Revision: Re-Envisioning

This Wednesday morning at my daughter’s elementary school, the littlest ones – the kindergarteners and first graders – shared some of their work. Their teacher had encouraged the kids to work on revision, with a method I found so familiar I might have written it myself: be specific, persevere, don’t be mean. The children showed their school – fifty students and a handful of teachers and parents – a science experiment, snowflakes they made, a girl’s story she had written four times. Excited about the holidays, the little girls wore sparkly dresses.

I didn’t encounter the revision word until high school. Revision was a hated word, a punishment, a sign of slacking or incompetence. Not until I hit the second half of college did revision become deeply engrained in me.

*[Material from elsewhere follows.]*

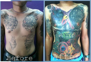 Expertly transforming old tattoos into fresh new art.
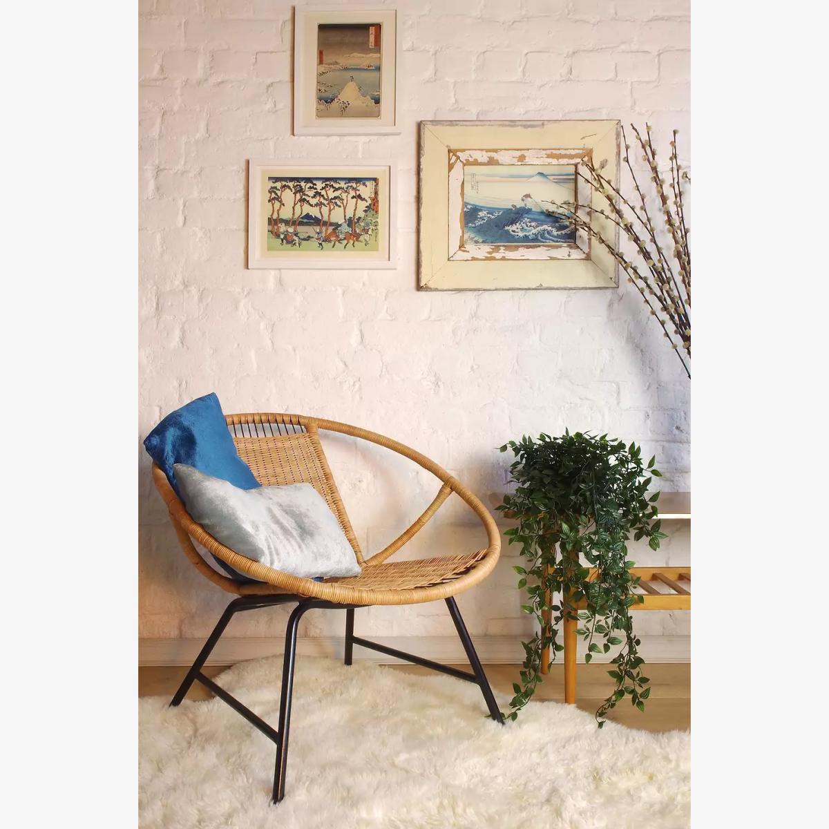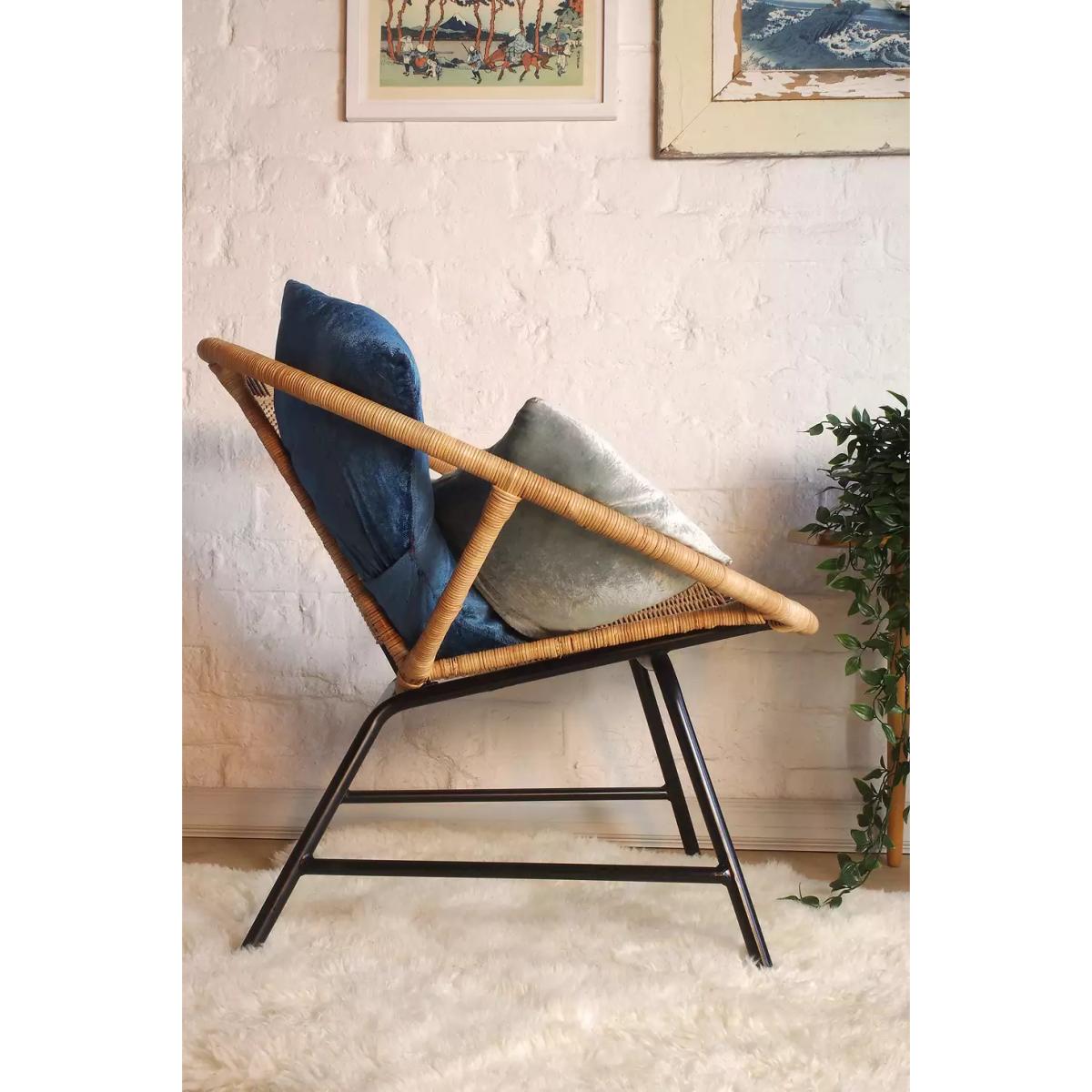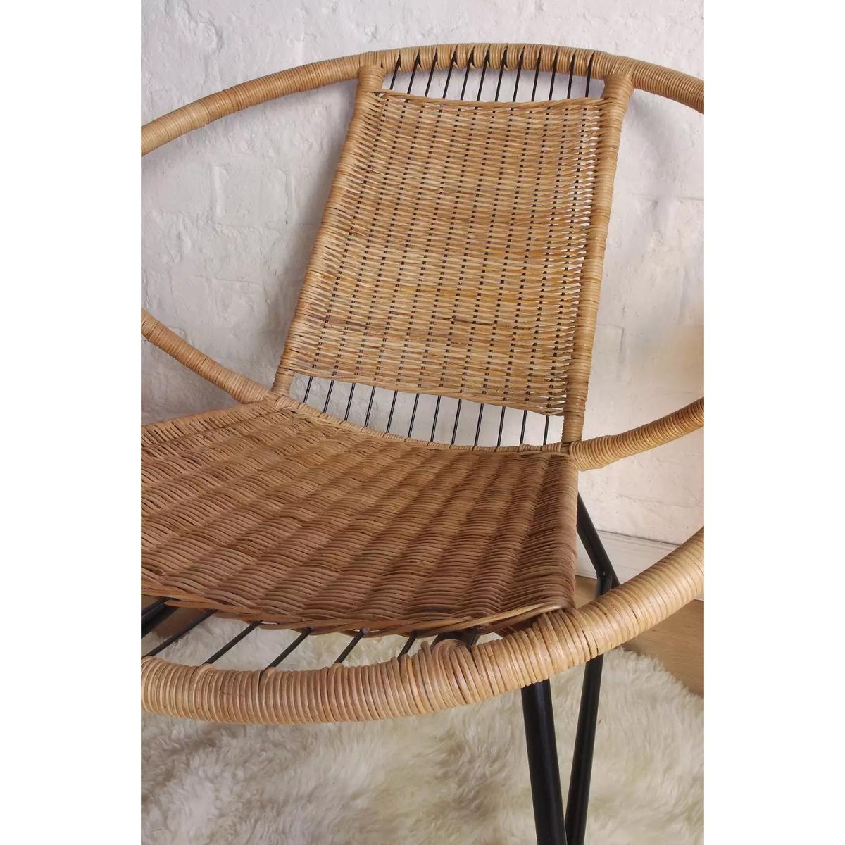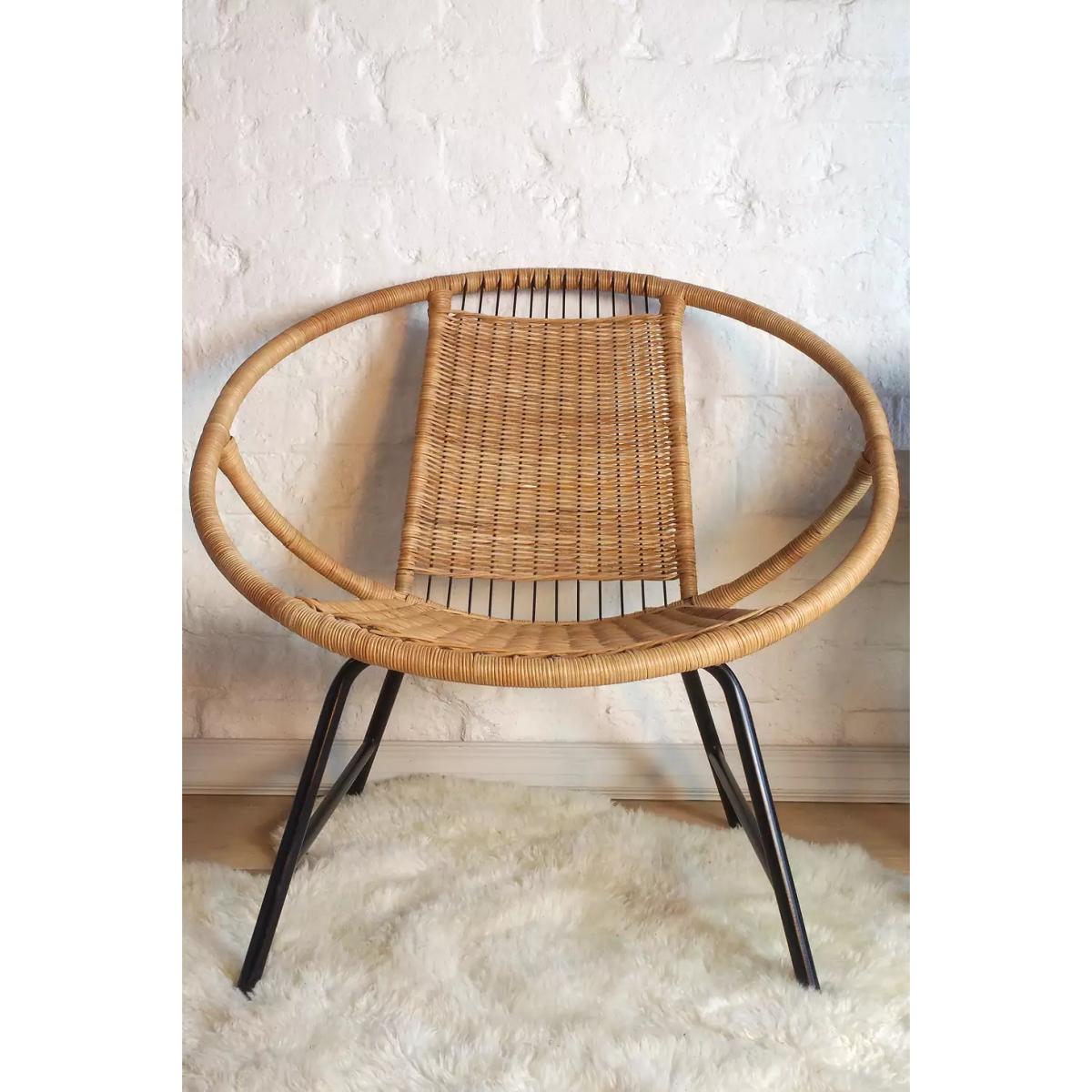 00s-inspired satellite chair with a round chair back and rattan covering. Made with a black metal frame and circular construction. *Please note: This item is not eligible for Next Day Delivery. For any large furniture, delivery can take between 1-2 weeks and we cannot deliver this outside of UK mainland. All Urban Renewal Vintage homeware is non-returnable. * **About Urban Renewal Vintage** \- One-of-a-kind pieces sourced by the vintage furniture experts at Originall Creations \- Authentic, pre-loved vintage pieces which are sold as seen and therefore may show signs of wear and tear \- This item will be dispatched by the vendor and may take longer to process than other items in your order **Content + Care** \- Tubular steel, Rattan \- Wipe with clean, dry cloth **Size** \- 66cm x 69cm x 67cm

In graduate school,  I had a professor who told me, Revision is our life. Widen your lens: re-envision. Perhaps that’s why I found this morning so particularly interesting: at such a young age to begin looking at your doings, not in a spirit of despair or judgement, but in creativeness openness. That may be a long stretch for a five-or-six-year-old kid, but good habits took me an embarrassingly long period to learn.

For what it’s worth, Shelagh Shapiro (author of a fine Vermont novel The Shape of the Sky) interviewed me for her Write The Book Radio program (listen here). Listening to the podcast driving home last night, I thought, Slow learner. Which, perhaps, was why I enjoyed the little kids this morning. And the young authoress today did her own illustrations, as well.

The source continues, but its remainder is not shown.